Collected data:
◇ ◇ ◇

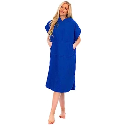 Adore Home Ladies Premium Changing Robe Unisex Hooded Poncho 100% Cotton with Pocket Beach Terry Towelling Towel Swimming Surf (Royal Blue, 2XL/3XL)
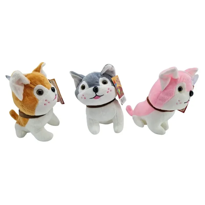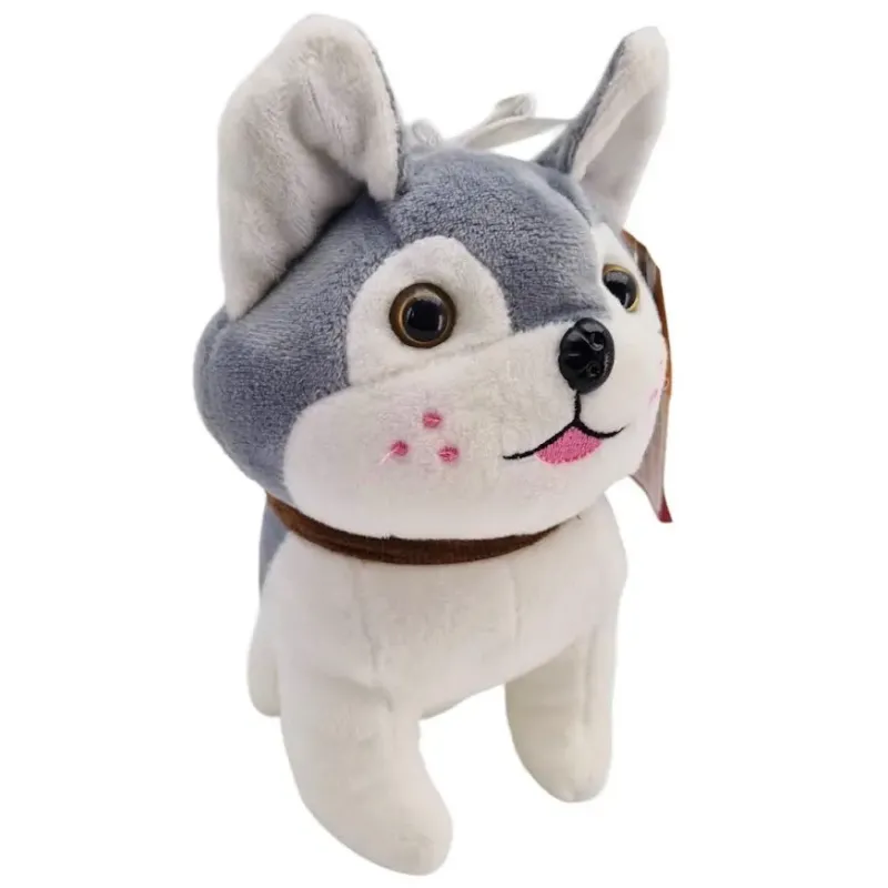 Pes plyšový, vyrobený z kvalitného jemného a mäkkého plyšového materiálu.
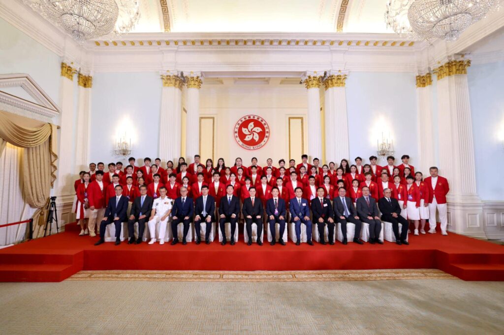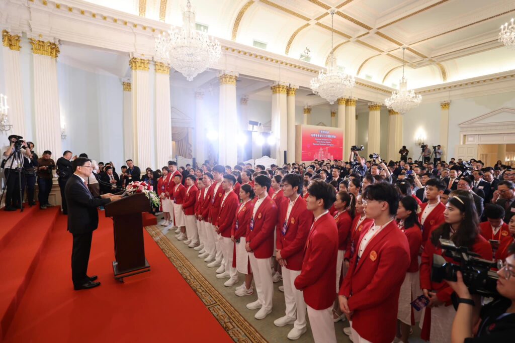 巴黎奧運國家隊代表團抵港訪問3天,特區政府昨日(29日)傍晚在禮賓府舉行歡迎儀式,會上先播放國家隊運動員在巴黎奧運賽事中的精華片段,行政長官李家超致辭時表示,熱烈歡迎代表團出席在禮賓府舉行的歡迎會,他又指市民都非常期待運動員訪港,感謝運動員對香港的支持。
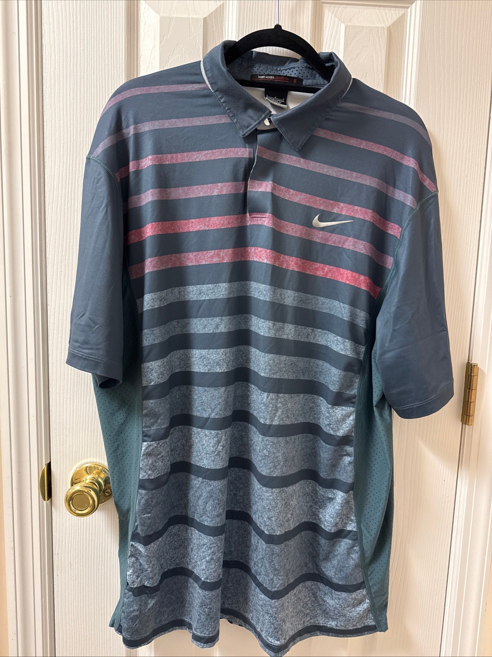 This Nike Tiger Woods Collection polo shirt is perfect for any active occasion, especially golf. The shirt features a striped pattern and an embroidered logo with the Nike Swoosh. It has short sleeves and a snap closure, making it easy to wear and remove.
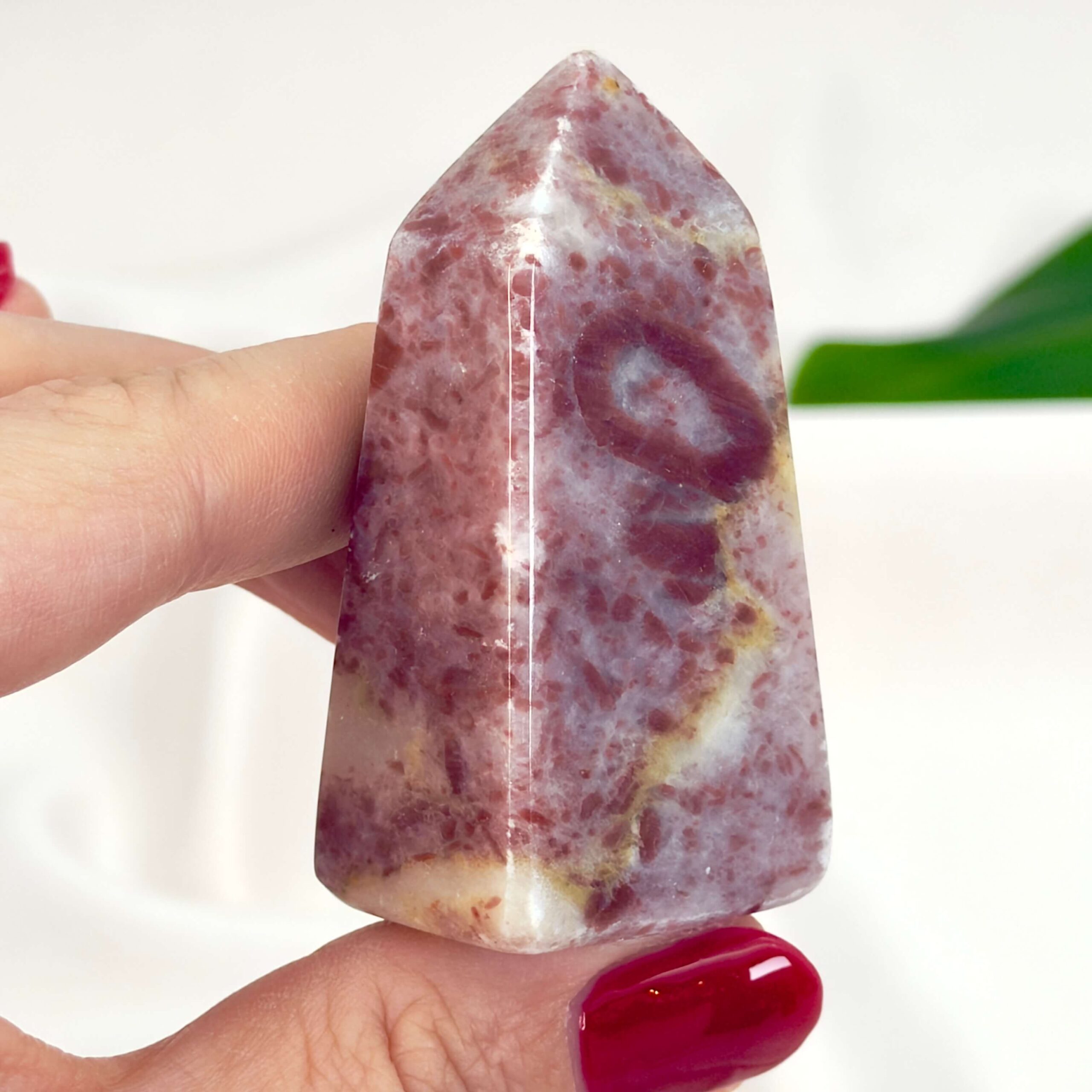 Kærlighed: Et Jordbær Calsit Tårn åbner hjertet og støtter både selvkærlighed og følelsesmæssig healing.

◇ ◇ ◇

* Your goal *
From the line containing "Pes plyšový, vyrobený" down to the last line of the data, print every line exactly and nothing else. Pictures stay out of the copy.

* Output below *
 Pes plyšový, vyrobený z kvalitného jemného a mäkkého plyšového materiálu.
 巴黎奧運國家隊代表團抵港訪問3天,特區政府昨日(29日)傍晚在禮賓府舉行歡迎儀式,會上先播放國家隊運動員在巴黎奧運賽事中的精華片段,行政長官李家超致辭時表示,熱烈歡迎代表團出席在禮賓府舉行的歡迎會,他又指市民都非常期待運動員訪港,感謝運動員對香港的支持。
 This Nike Tiger Woods Collection polo shirt is perfect for any active occasion, especially golf. The shirt features a striped pattern and an embroidered logo with the Nike Swoosh. It has short sleeves and a snap closure, making it easy to wear and remove.
 Kærlighed: Et Jordbær Calsit Tårn åbner hjertet og støtter både selvkærlighed og følelsesmæssig healing.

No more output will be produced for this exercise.